Based on the limited record before the court, Clawson had authority to enter into the Master Agreement on behalf of LMU. Because the Master Agreement contained a clear consent to jurisdiction in Texas, this court may exercise personal jurisdiction over LMU. See Alliantgroup, LP v. Feingold, No. 09-CV-0479, 2009 WL 1109093, at *7 (S.D. Tex. Apr. 24, 2009) ("A mandatory forum-selection clause demonstrates a party's consent to jurisdiction in a specific forum, and courts, absent a showing of fraud or overreaching in creating the clause, enforce such consent."); Am. Airlines, Inc. v. Rogerson ATS, 952 F. Supp. 377, 381 (N.D. Tex. 1996) ("[The out-of-state defendant] consented to jurisdiction in Texas, and the Court finds that this consent alone is sufficient to satisfy the fundamental fairness of the personal jurisdiction analysis.").

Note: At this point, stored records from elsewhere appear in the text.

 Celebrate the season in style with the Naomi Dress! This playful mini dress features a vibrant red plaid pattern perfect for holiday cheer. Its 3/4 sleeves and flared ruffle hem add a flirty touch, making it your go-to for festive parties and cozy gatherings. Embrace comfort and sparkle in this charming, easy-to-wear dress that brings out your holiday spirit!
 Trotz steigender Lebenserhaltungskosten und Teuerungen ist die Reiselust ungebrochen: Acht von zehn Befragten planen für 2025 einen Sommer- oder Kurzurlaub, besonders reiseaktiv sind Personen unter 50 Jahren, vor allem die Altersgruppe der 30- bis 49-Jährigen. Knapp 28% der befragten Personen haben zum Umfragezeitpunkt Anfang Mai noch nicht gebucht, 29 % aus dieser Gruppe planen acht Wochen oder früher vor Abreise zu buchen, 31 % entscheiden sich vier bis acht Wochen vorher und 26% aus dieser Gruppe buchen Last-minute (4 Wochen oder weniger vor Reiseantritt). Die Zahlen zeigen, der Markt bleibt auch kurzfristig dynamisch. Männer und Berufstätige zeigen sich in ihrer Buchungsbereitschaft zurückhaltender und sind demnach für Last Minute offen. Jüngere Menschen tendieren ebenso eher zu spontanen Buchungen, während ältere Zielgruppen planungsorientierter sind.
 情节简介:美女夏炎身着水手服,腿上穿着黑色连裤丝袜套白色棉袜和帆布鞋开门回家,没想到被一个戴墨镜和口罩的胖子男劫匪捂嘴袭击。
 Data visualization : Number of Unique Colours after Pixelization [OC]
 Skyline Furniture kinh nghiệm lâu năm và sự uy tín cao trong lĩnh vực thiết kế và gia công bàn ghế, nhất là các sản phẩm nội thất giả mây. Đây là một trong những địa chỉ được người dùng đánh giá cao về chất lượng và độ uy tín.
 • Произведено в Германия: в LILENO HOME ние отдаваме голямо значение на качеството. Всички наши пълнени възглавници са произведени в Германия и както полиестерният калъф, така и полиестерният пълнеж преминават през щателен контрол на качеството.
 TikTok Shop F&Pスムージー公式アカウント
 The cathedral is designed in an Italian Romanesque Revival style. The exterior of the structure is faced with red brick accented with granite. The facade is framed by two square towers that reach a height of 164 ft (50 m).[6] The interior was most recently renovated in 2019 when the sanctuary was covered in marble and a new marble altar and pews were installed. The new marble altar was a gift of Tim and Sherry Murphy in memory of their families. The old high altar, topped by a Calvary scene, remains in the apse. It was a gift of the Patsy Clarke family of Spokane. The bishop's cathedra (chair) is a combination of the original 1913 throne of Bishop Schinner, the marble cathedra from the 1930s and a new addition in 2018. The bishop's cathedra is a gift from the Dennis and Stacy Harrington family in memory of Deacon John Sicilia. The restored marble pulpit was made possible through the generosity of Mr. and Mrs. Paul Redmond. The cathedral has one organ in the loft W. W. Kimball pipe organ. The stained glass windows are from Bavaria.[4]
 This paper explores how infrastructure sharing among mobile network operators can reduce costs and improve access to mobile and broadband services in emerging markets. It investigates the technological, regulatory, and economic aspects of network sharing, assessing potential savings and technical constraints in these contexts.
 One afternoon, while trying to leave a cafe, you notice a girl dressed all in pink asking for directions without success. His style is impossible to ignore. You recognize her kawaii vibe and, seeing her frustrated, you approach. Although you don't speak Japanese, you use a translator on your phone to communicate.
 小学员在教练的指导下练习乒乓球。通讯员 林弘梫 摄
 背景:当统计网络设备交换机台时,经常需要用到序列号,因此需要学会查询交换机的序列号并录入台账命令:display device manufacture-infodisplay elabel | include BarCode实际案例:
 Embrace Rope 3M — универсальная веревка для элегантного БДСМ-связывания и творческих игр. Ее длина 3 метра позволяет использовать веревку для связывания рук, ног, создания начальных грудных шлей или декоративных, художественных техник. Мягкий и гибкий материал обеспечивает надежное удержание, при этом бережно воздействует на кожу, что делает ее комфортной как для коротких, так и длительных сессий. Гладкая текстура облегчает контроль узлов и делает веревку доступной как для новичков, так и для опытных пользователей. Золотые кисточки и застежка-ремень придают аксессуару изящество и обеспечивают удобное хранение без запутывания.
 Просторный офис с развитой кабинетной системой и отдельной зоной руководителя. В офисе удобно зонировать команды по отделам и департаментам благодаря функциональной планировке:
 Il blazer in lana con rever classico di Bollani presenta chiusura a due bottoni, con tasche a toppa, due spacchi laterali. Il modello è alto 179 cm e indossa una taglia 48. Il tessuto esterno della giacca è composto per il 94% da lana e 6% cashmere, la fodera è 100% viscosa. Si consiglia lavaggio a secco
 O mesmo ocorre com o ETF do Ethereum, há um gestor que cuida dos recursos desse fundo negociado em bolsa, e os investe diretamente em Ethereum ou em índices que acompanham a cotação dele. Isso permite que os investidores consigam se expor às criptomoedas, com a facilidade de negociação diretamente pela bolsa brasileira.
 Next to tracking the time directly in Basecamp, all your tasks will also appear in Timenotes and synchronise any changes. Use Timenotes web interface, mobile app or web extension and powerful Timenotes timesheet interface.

LMU's motion to dismiss for lack of personal jurisdiction is denied. These conclusions are based on the current record. The parties may raise these arguments at a later stage, if warranted, on the fuller factual record that may then be available.
IV. Conclusion
LMU's motion to dismiss for lack of personal jurisdiction, (Docket Entry No. 6), is denied.
SIGNED on December 11, 2020, at Houston, Texas.